Через пару дней, перед следующим занятием по литературе, я сидел в классе и, светя синяком под глазом, искал ручку в рюкзаке. Кургузов красовался таким же на другом ряду, но я был слишком увлечён поисками, чтобы видеть его, как видеть и остальных ребят. Я даже не услышал, когда все вдруг резко встали со своих мест. Потом раздался голос Нины Михайловны. 

– Чего там потерял? Книгу для юных джентльменов, которую тебе бабушка не день рождения подарила? Кстати, ещё не дошёл до той главы, где написано, что надо вставать, когда в класс входит учитель? 

По кабинету понесли хохотки. «Юный джентльмен, ха-ха, хи-хи». Да я и сам, если честно, заулыбался.
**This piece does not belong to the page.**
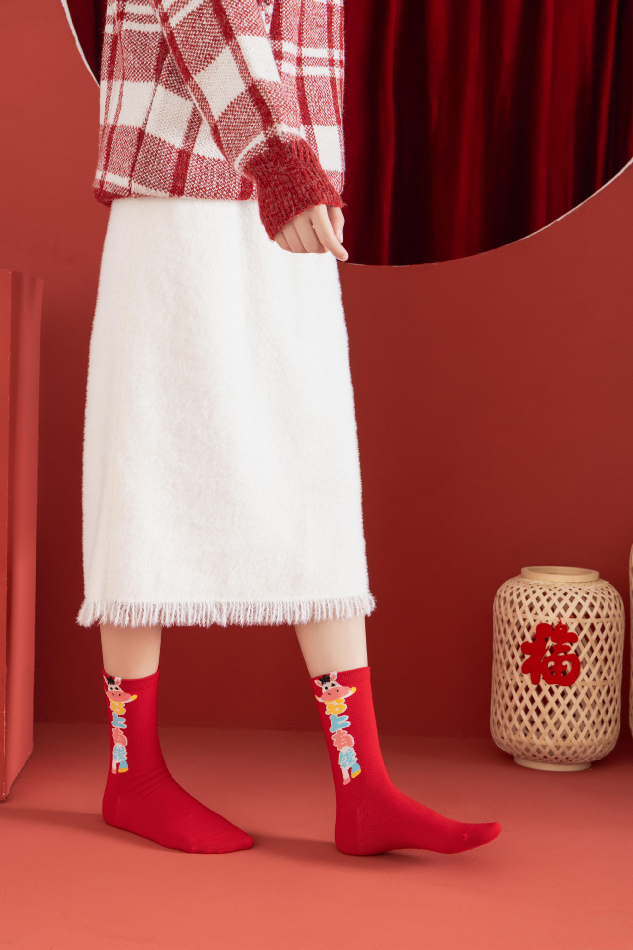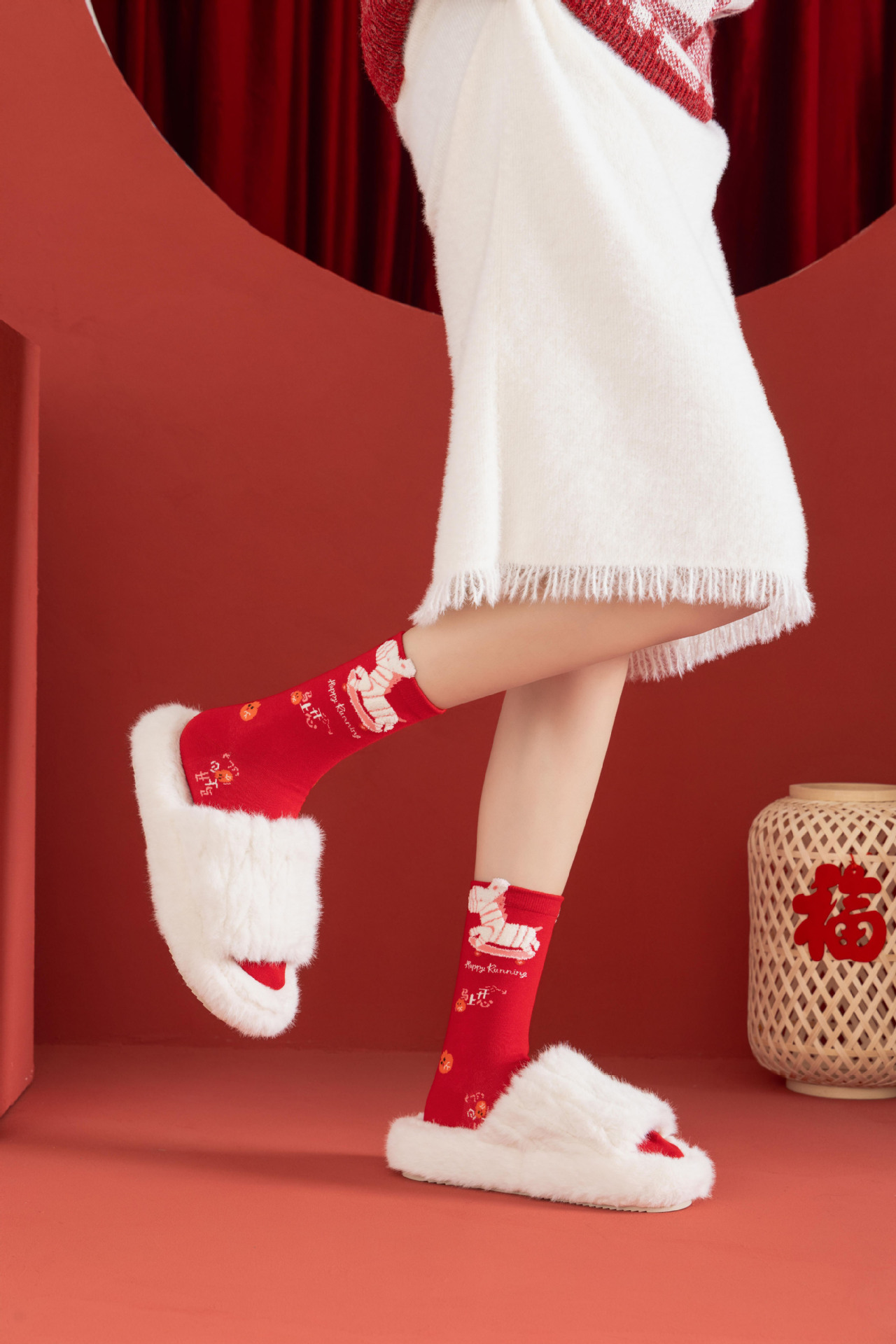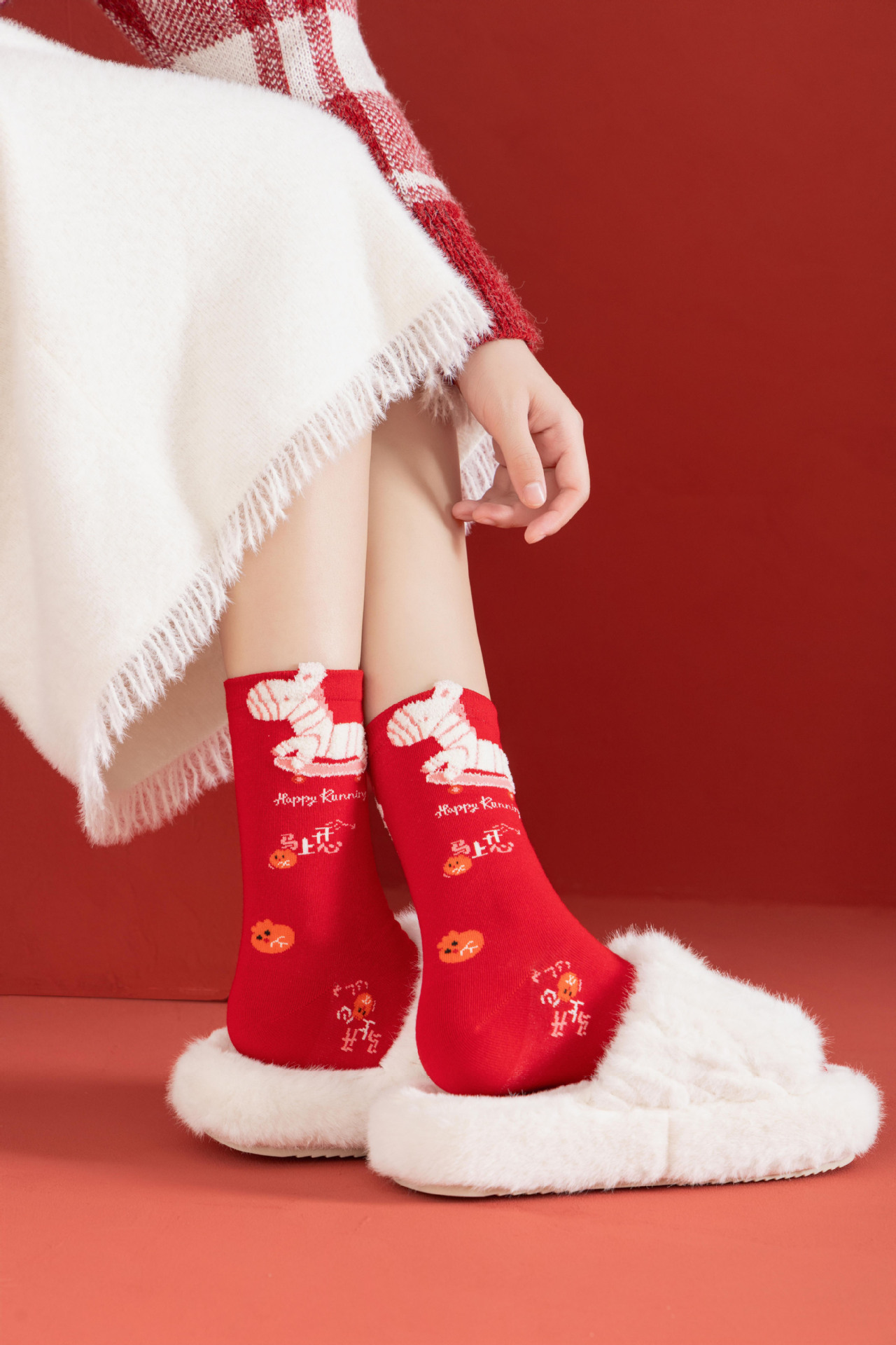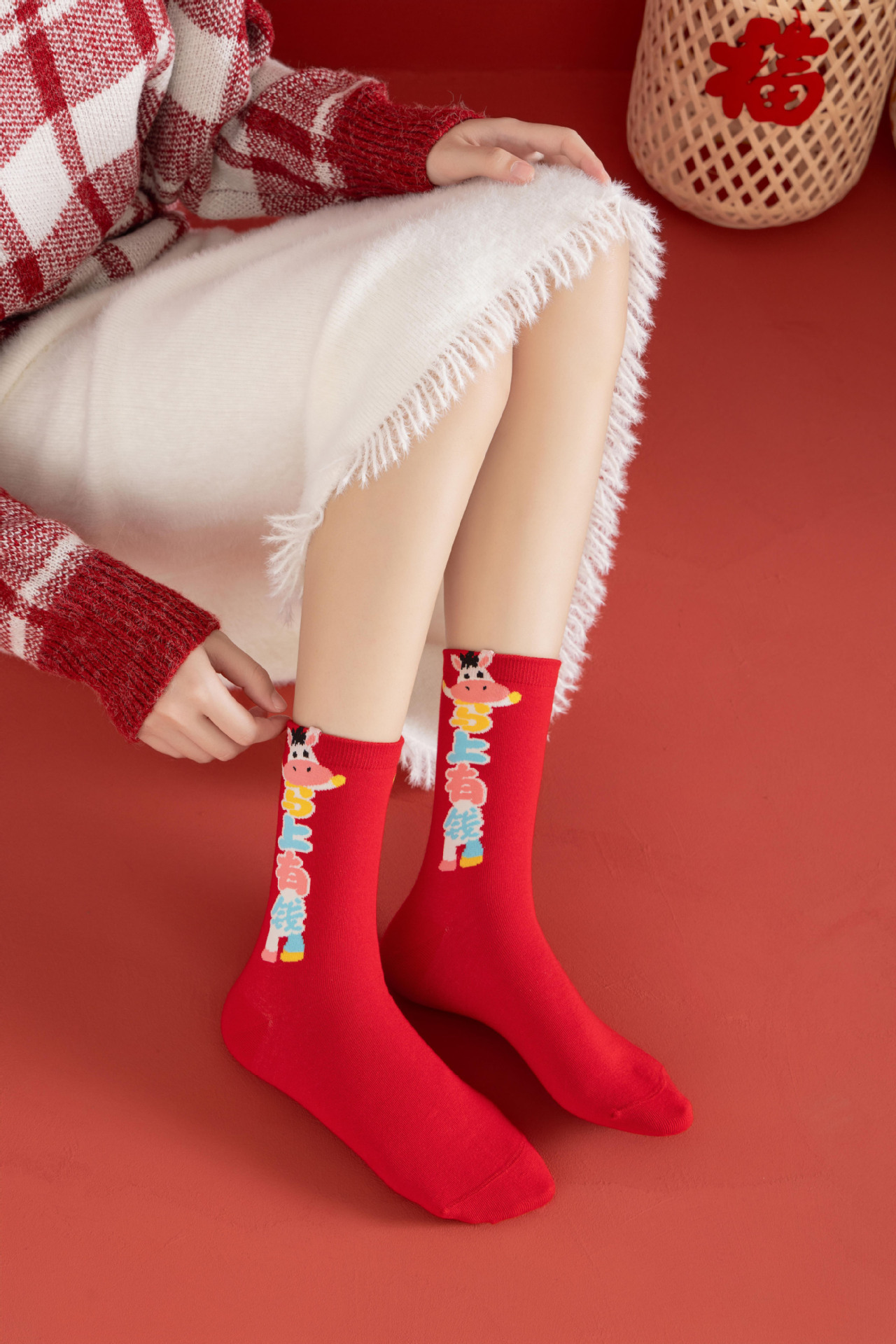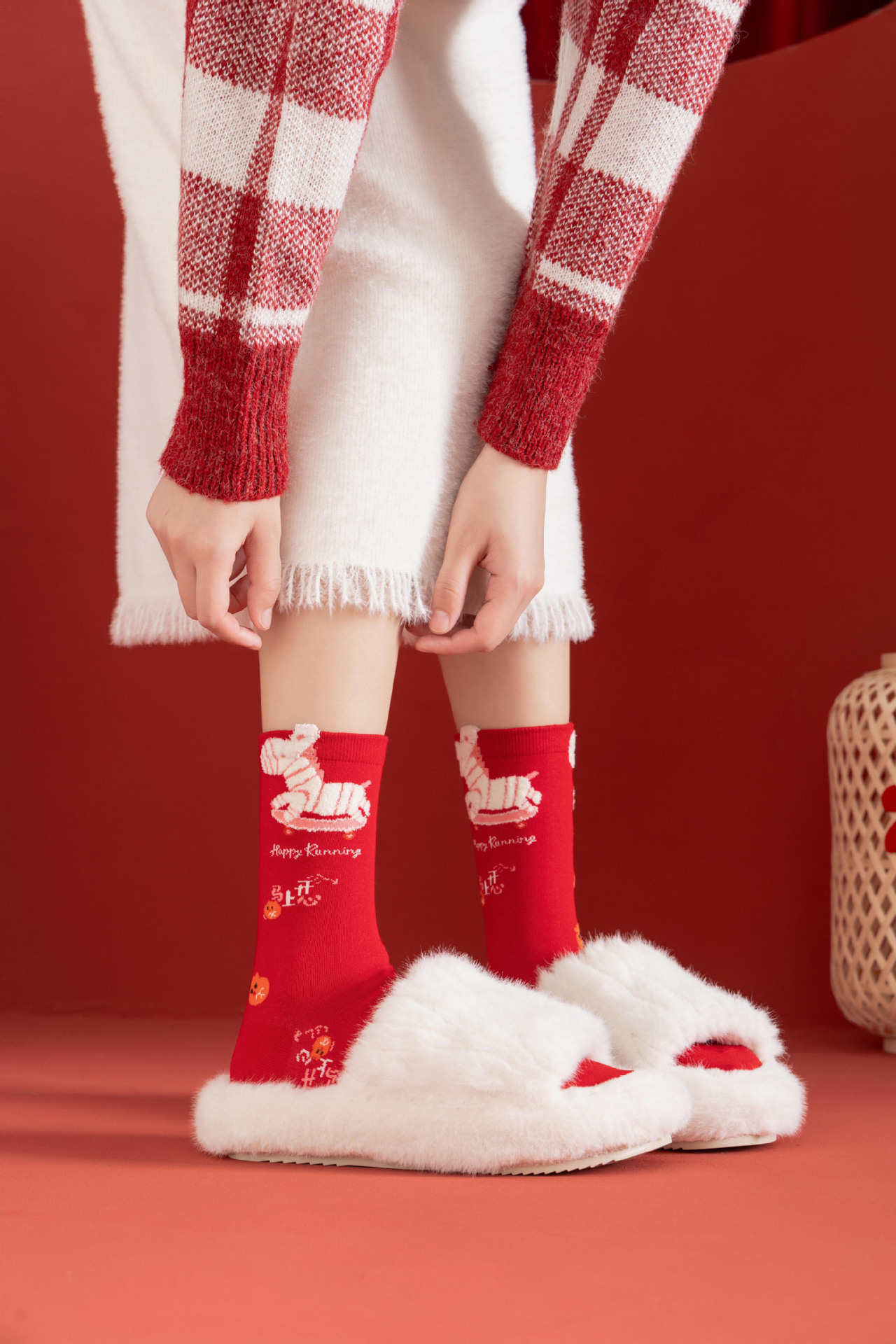 【创意图案设计❗️踩小人走红运】立体马本命年新年元旦大红新年袜子女无骨毛茸茸马暴富马上有钱女士鸿运袜。jb

Нина Михайловна тем временем продолжала: 
– Ну хорошо хоть успел прочитать про то, что надо заступаться за дам. Ладно. Садитесь все. И ты, рыцарь, тоже. 

Снова раздались смешки. «Рыцарь, рыцарь». Нина Михайловна разложила вещи на столе и пошла к доске, но вдруг обернулась, посмотрела на меня и сказала с улыбкой: 
– А ты, оказывается, не такой уж и мерзавец. 

С этого момента я был прощён. Оставшиеся до выпускного несколько месяцев я ещё пару раз попадал под критику Нины Михайловны. Впрочем, в эти моменты было и стыдно, и… ну вы понимаете. Она смешная была, эта Нина Михайловна. Да, строгая, но умела пошутить и доброе слово вовремя сказать. Взять хотя бы этот случай: не такой уж и мерзавец. Согласен, комплимент так себе. Но с ним я по жизни иду как с девизом.